NEGOTIABLE INSTRUMENTS, INSOLVENCY OF MAKER AND INDORSER-I! both the maker and indorser of a negotiable instrument become insol. vent and assign their property for the benefit of creditors, the holder of such paper may prove the whole amount thereof against both parties at the same time, and receive from each estate the full pro rata of that amount, provided only that the two sums so received shall in no case exceed the true amount of the debt. ASSIGNMENT FOR THE BENEFIT OF CREDITORS.-AN INDORSER for an insolvent debtor is, before the payment of the debt, entitled to prove his claim as such indorser against the estate of the insolvent. NEGOTIABLE INSTRUMENTS-INDORSER'S RIGHT TO EQUITABLE SETOFF.Indorser for insolvent maker, being indebted to such maker, may bring the holder of the paper indorsed and the maker before a court of equity and have the indorser's debt to the maker applied to the debt of

the holder.

EQUITABLE SETOFF.-The right of an equitable setoff already existing by reason of the insolvency of the creditor cannot be affected by his assignment of his assets.

House and Merritt, for Citizens' Bank.

R. H. Burney, for Kendrick, Pettus & Co.

Leech and Savage, for Franklin Bank.

W. M. Daniel, T. J. Bailey, A. E. Garner, and J. L. Stark, for the creditors of Kendrick, Pettus & Co.

438 CALDWELL, J. On December 10, 1890, Kendrick, Pettus & Co. made a general assignment for the benefit of creditors. The indebtedness aggregated about two hundred and fifty thousand dollars, and the assets were worth about one-fourth that amount.

On the same day, a few hours later, Franklin Bank also made a general assignment for the benefit of creditors. liabilities were over nine hundred thousand dollars, and assets about one-fourth as much.

These bills were filed for the settlement of the two trusts. Without going much into detail, the legal questions presented on appeal will be considered in order.

1. Franklin Bank was bound as indorser on the paper of Kendrick, Pettus & Co. to the amount of about seventy-five thousand dollars; and that paper was secured in both assignments alike, and in common with other debts of the assignors respectively.

Each holder of the separate pieces of paper making up that

seventy-five thousand dollars claimed the right to prove his debt in full against both debtors, and to receive from each fund a full pro rata of his whole debt.

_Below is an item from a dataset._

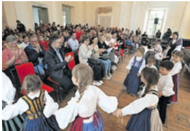
V Baročni dvorani so pripravili bogat spremljevalni program.

zavedanja lastnih korenin do raziskovanja drugih kultur po Evropi, raznolikosti in podobnosti, vse skupaj pa krepi spoštovanje svoje in drugih kultur ter sprejemanje drugačnosti.

439 Franklin Bank and its assignees denied that right in the full sense claimed, and contended that the holders of such indorsed paper should first credit their debts by pro rata of the fund provided by the principal debtor, and then receive pro rata on balance only from the fund of the indorser.

The chancellor was right in sustaining the former contention.

Kendrick, Pettus & Co., the maker of the indorsed paper, secured that paper as it did its other liabilities, giving preference to none. Franklin Bank, the indorser, did the same. That paper, as it then existed, and to its full amount, was provided for in both conveyances; in each as if the other had not been made. Two securities were provided for the holders of that paper, while only one was provided for the other creditors of the respective assignors. Each assignment made equal provision for each beneficiary therein named, without reference to any other security that he might have.

Two trust funds were created, and those entitled to partici pate in the one or the other were named, and placed upon an equal footing. It was not provided, nor contemplated, that any beneficiary of the one fund should receive a greater or less per centum of his whole debt from that fund than any other beneficiary thereof should receive. Those who were creditors of both assignors become entitled to share in both funds; having two debtors, they received two securities, one of which they 440 are to share equally with the other creditors of the debtor providing it, and the other of which they are to share equally with the other creditors of the debtor providing it.

In such cases, each trust should be administered separately, and such fund distributed as if the other had not been created, at least up to the point of making full payment of debts entitled to participate in both. Less than that would be unjust to those having two debtors and two securities.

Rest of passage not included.